Carnavales en Bolívar: espectáculo que oculta la verdadera agenda política

Más de 20 mil personas reunidas en Bolívar para un desfile que es mucho más que cultura

El Paseo de la Octava Estrella en Ciudad Bolívar se llenó de vida y color con el desfile de comparsas que inauguró los Carnavales Turísticos 2026. Gobernadora Yulisbeth García y el ministro Héctor Silva dirigieron el evento, en una muestra clara del uso político de las tradiciones culturales.

¿Qué está en juego detrás del brillo y la fiesta?

El carnaval «Por Amor a Bolívar» se presenta como una celebración folklórica, pero su expansión a varios municipios refleja una estrategia política para proyectar un «espíritu regional» alineado con ciertas agendas de poder. En cada jornada, desde Upata hasta San Félix, el control cultural se utiliza para reforzar líderes y mensajes oficiales, trasladando la tradición a un terreno político.

¿Y el impacto real? La economía local como bandera, pero ¿qué se oculta?

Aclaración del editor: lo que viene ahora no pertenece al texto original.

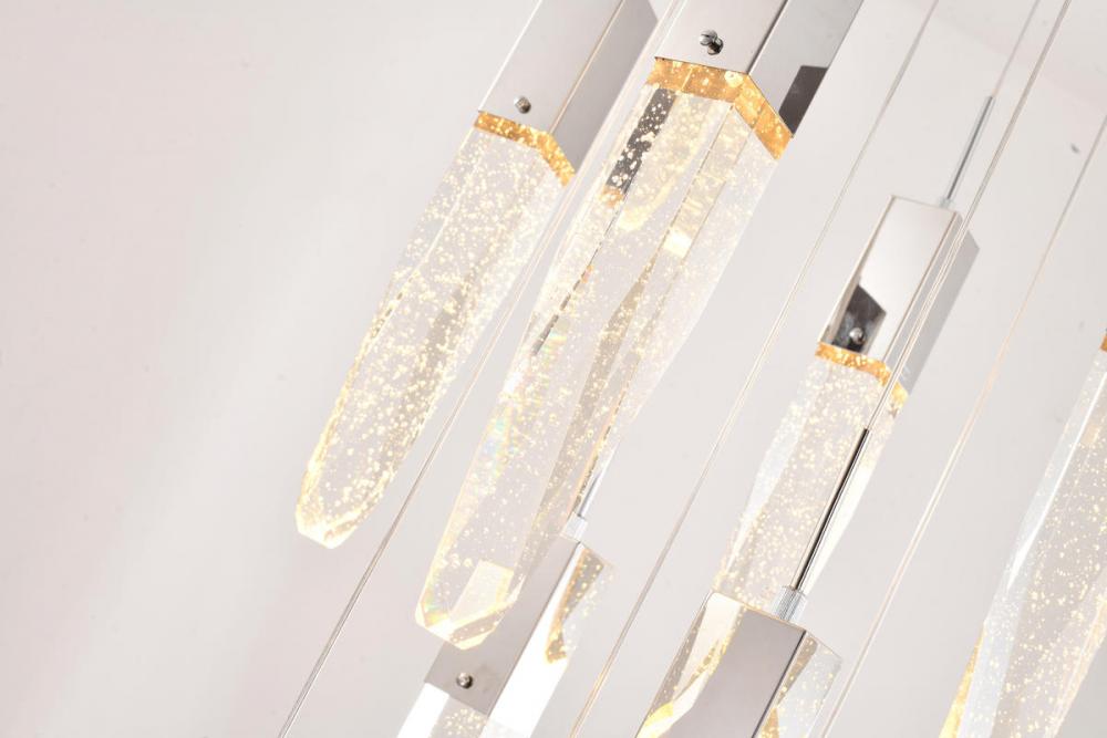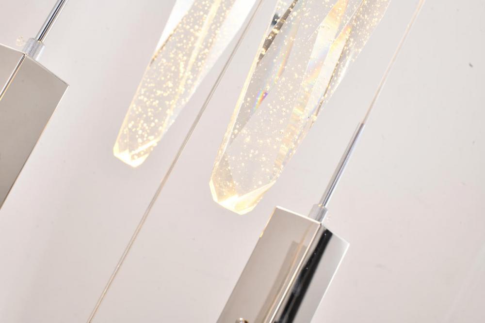 This exquisite chandelier is in a chrome finish. The frame is made out of metal, and it comes with hanging clear iceberg bubble crystals. You can create a timeless feel while using modern forms.
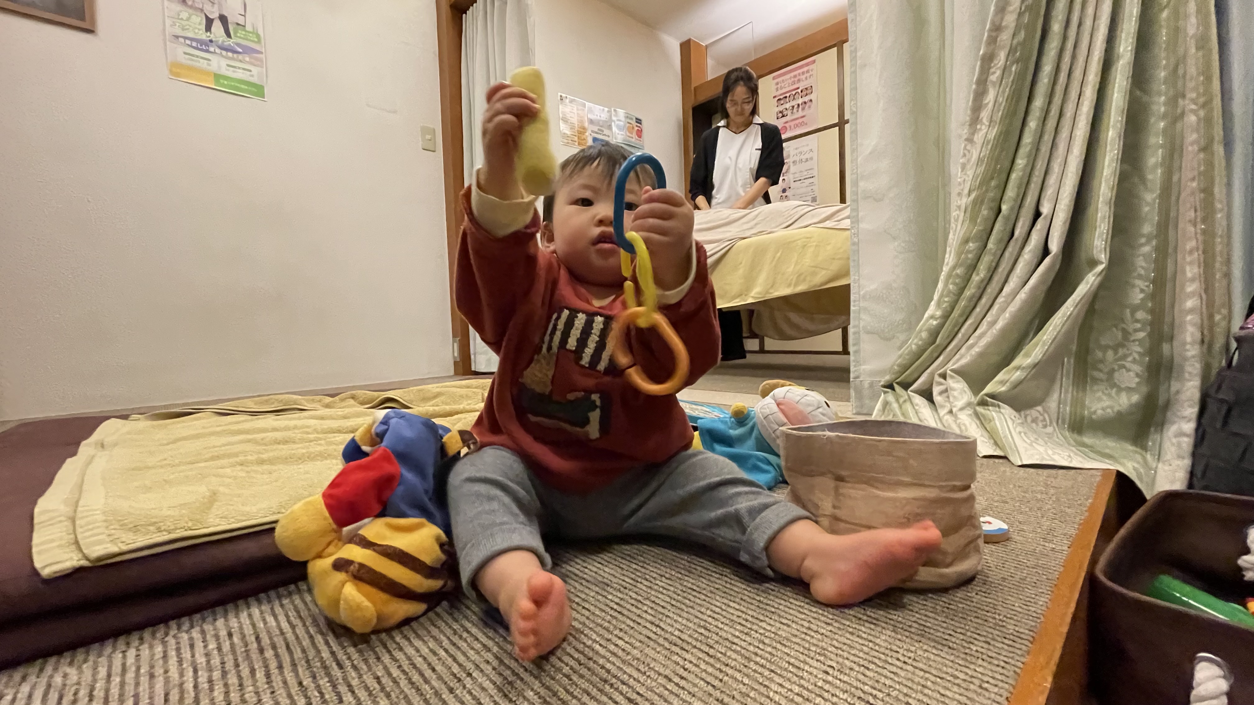 しかし施術中の会話から、抱っこで蓄積した背中の硬さ、
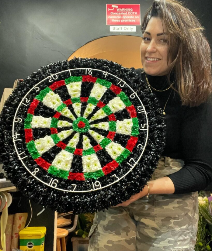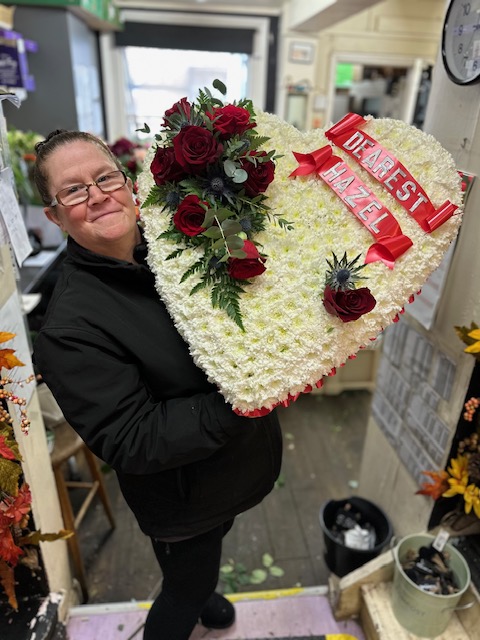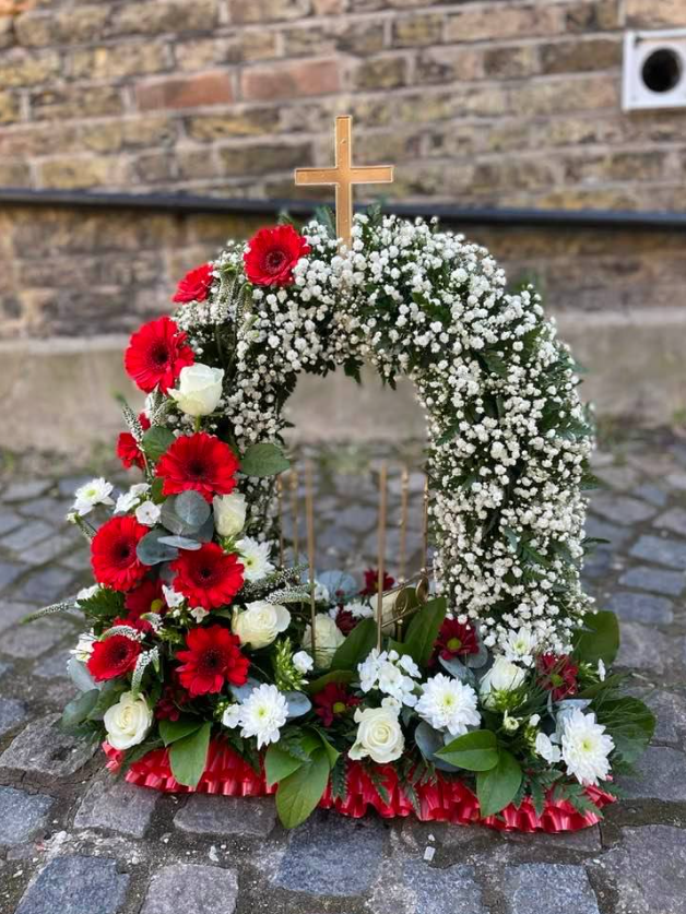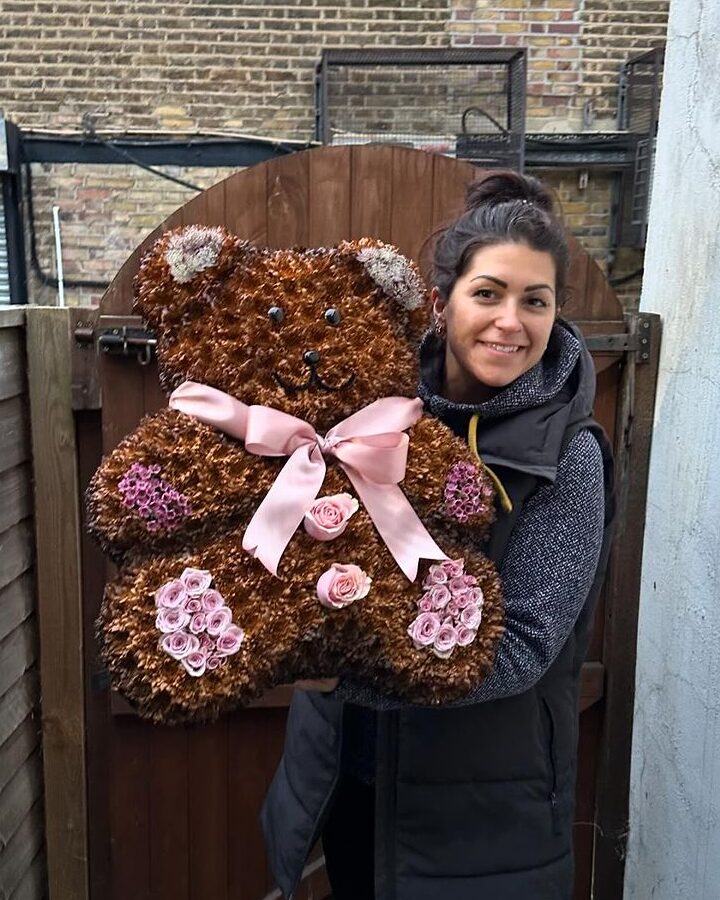 Bespoke funeral arrangements offer a unique way to celebrate the life and passions of your loved one. These custom designs can be tailored to reflect hobbies, interests, or meaningful symbols. For example, you could have arrangements shaped like a football (or colours that represent their favourite team) for a sports enthusiast, a musical instrument for a musician, or even a beloved animal, which is Portia’s favourite to make. These personalised creations typically take 2-3 days to complete.

En paralelo, se habilitan stands de emprendimiento local en la Octava Estrella, supuestamente para impulsar la economía. Sin embargo, esta vitrina temporal no garantiza cambios estructurales ni fortalece instituciones productivas reales. Es una muestra efímera que distrae de las verdaderas falencias económicas y administrativas que enfrenta la región.

¿Cuál es el siguiente paso en este escenario?

Si la política cultural sigue siendo la ventana principal para el poder regional, la sociedad podría enfrentar una falsa sensación de participación y progreso, mientras otros problemas críticos como la seguridad y la gestión institucional permanecen desatendidos. El control de las fiestas populares como herramienta política es un tema que merece atención más allá del color y la música.